Dr Reich struggled with the idea of the existence of God, also with the notion of whether orgone has intelligence or not. Ten years or so after his death, humanity experienced a boost in awareness, which the World Odor managed to pirate with the hippie and newage movement, but people became generally aware, then, of the unified nature of reality. People in Reich’s generation were so steeped in mehcanistic materialism that he wondered whether he was going insane from witnessing the existence of a much higher and more refined, life-filled order than Newton and Einstein had epitomized.
By now, I’m banking on the assurance that we’ve moved past the default, Theosophical notion that we’re all God and that, contrary to that irrational claim, we’re also confined to a narrow, heartless and mean path of spiritual progress through being confined to a succession of physical bodies. This exemplifies the schizoid nature of human-derived ideological programming, I think. To me, that’s sort of like believing that a root will keep coming back as a root until it makes the grade, according to some anonymous standard, and turns into a flower.
Dr Len Horowitz asked Carol to clear his property in Hawaii after some allegedly reputable Hawaiian shamans had made things worse after taking his money to clear the energy there. She cleared it up easily enough with some intelligently placed orgonite and was knocked to the ground when she found the key energy point and gifted it. I suspect that the assailant was one of these fake shamans. I doubt that the genuine kanunas in Hawaii, of whom I believe the author, Serge Kahili King, is one, put out showcards or act like hucksters but most Westerners who are aware of a broader reality than the PJ folks’ seem to immediately gravitate to the glitzy, chest-pouding fakers (‘shamans!’), every time.

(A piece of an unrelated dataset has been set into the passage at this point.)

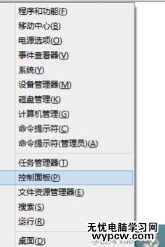 2然后在WIN8桌面下按windows+x組合鍵,選擇“控制面板”: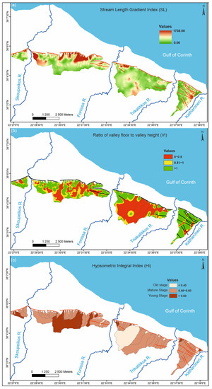 Geomorphological indices have been used systematically to evaluate active tectonic structures in various parts of the world ([58] and references therein). The structures primarily used in the geomorphological analysis are the active slopes, the river basins, and the drainage networks. Internal tectonic processes deform the Earth’s surface, whereas external processes shape the final morphological expression. Any disturbance caused by these processes alters the dynamic equilibrium of the system, which can be observed in the properties of river networks that drain tectonically active slopes [6,76,77]. In particular, river basins represent dynamic systems that can provide evidence of the formation and evolution of a tectonic structure [78,79]. The numerical representation of the topographic features is implemented through mathematical relations that can be divided into two sections (spatial and tectonic geomorphological indices), depending on the parameters of each index [80,81,82,83].

An EW poster and vendor is a native American who has long been quietly involved with more genuine metaphysical traditions and practices through associating with reputable healers from around the continent and I’m going to ask him to tell us something about all that so that our readers can get some perspective. I’m only an observer, after all, not intimately informed about how this all works, but I know from personal experience over the past 35 years that the genuine ones around the world are very heart-connected and are more interested in helping others than in getting a following, promoting dogma and lining their pockets through exploitation. The problem, perhaps, is that they’re rarely heard from outside of their own social milieu. I bet they’re plenty tired of this parade of jerks who make them look bad by association, though.
I’ve avoided using institutional terminology in this presentation and if you want to debate me, which you’re welcome to do in this thread or elsewhere, I hope you’ll do us the courtesy of not resorting to dogmatic formulae and terminology.
As has been said, ‘The spark of truth is often produced by the clash of differing opinions.’